Write out the full listing exactly as given, minus the images.

Top of Source data

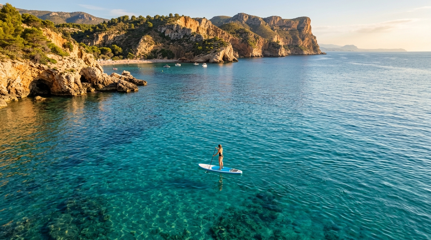 El Mediterráneo, a menudo en calma y como un espejo, ofrece las condiciones más seguras para aprender paddle surf. Descubre calas, acantilados y el litoral de Torrevieja desde una perspectiva única — de pie sobre el agua.
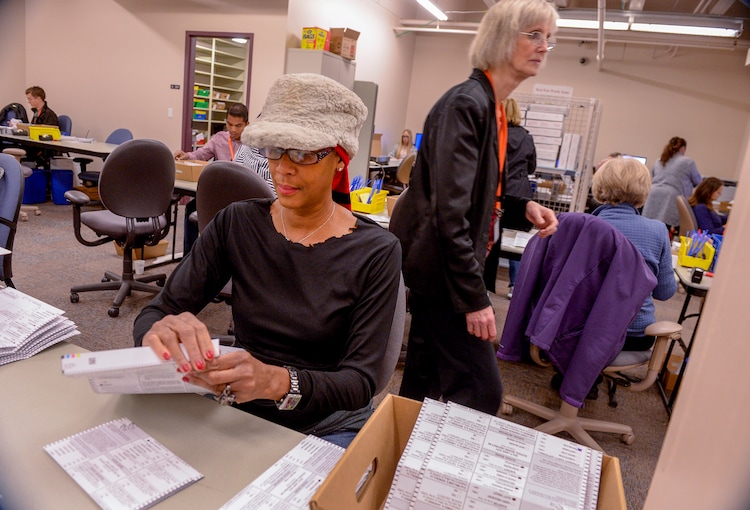 Leah Hogsten | The Salt Lake Tribune "It's fun...I enjoy it," said Salt Lake County elections official Diane McGee of the 8-hours a day of inspecting ballots at the Salt Lake County building, Tuesday, Nov. 13, 2018.
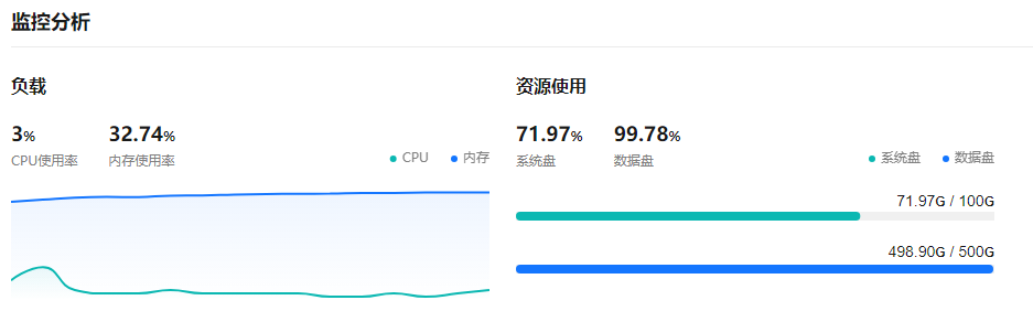 - 单击实例名称,进入实例详情界面,包含监控分析和实例详情两块内容,详情参见如下内容。
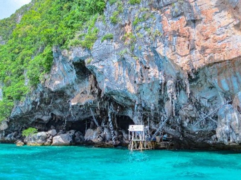 Loh Sama Bay is located on the south side of Phi Phi Lay Island. It lacks beaches and is surrounded by cliffs, seemingly discouraging access to the uninhabited Phi Phi Lay Island. The sea in this area is exceptionally deep.
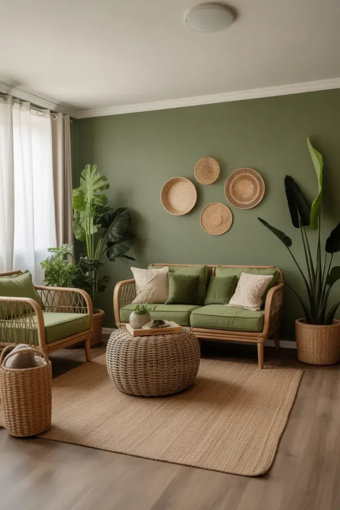 11. Green Living Room with Woven Textures
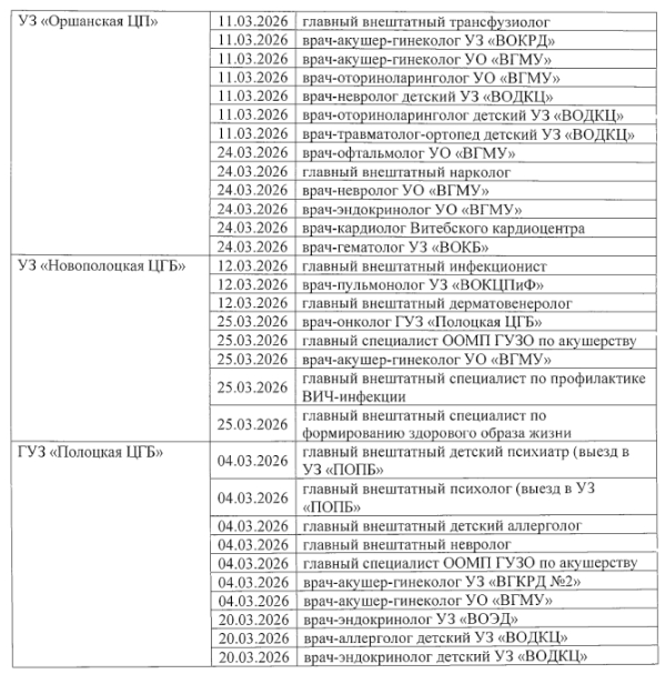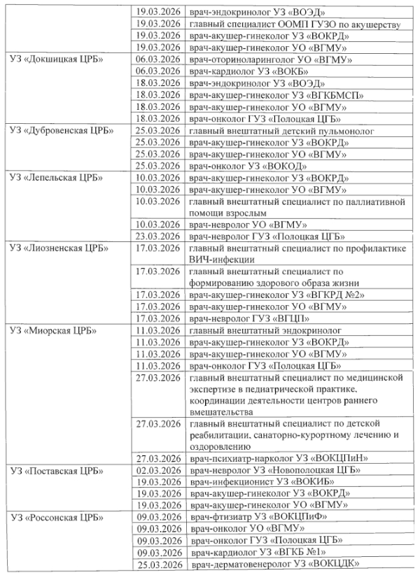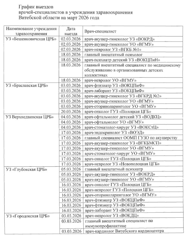В марте 2026 года жители районов Витебской области смогут получить консультации ведущих врачей-специалистов без поездки в областной центр. Главное управление по здравоохранению Витебского облисполкома утвердило сводный график выездов врачей в учреждения здравоохранения региона для оказания лечебно-консультативной помощи населению.
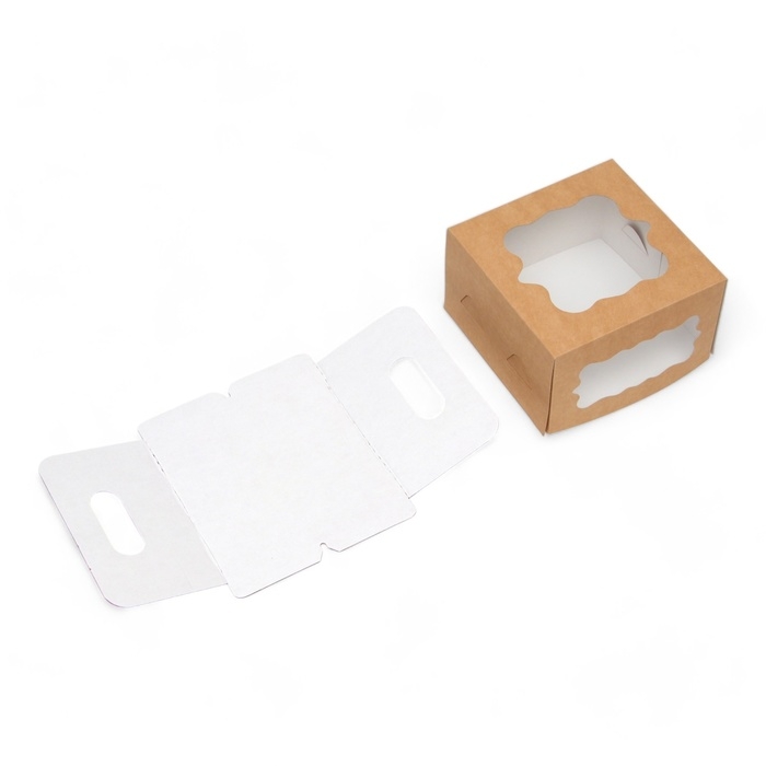 Коробка под бенто-торт с окном, белая, 14 х 14 х 8 см

Bottom of Source data

* **Finished task**
 El Mediterráneo, a menudo en calma y como un espejo, ofrece las condiciones más seguras para aprender paddle surf. Descubre calas, acantilados y el litoral de Torrevieja desde una perspectiva única — de pie sobre el agua.
 Leah Hogsten | The Salt Lake Tribune "It's fun...I enjoy it," said Salt Lake County elections official Diane McGee of the 8-hours a day of inspecting ballots at the Salt Lake County building, Tuesday, Nov. 13, 2018.
 - 单击实例名称,进入实例详情界面,包含监控分析和实例详情两块内容,详情参见如下内容。
 Loh Sama Bay is located on the south side of Phi Phi Lay Island. It lacks beaches and is surrounded by cliffs, seemingly discouraging access to the uninhabited Phi Phi Lay Island. The sea in this area is exceptionally deep.
 11. Green Living Room with Woven Textures
В марте 2026 года жители районов Витебской области смогут получить консультации ведущих врачей-специалистов без поездки в областной центр. Главное управление по здравоохранению Витебского облисполкома утвердило сводный график выездов врачей в учреждения здравоохранения региона для оказания лечебно-консультативной помощи населению.
 Коробка под бенто-торт с окном, белая, 14 х 14 х 8 см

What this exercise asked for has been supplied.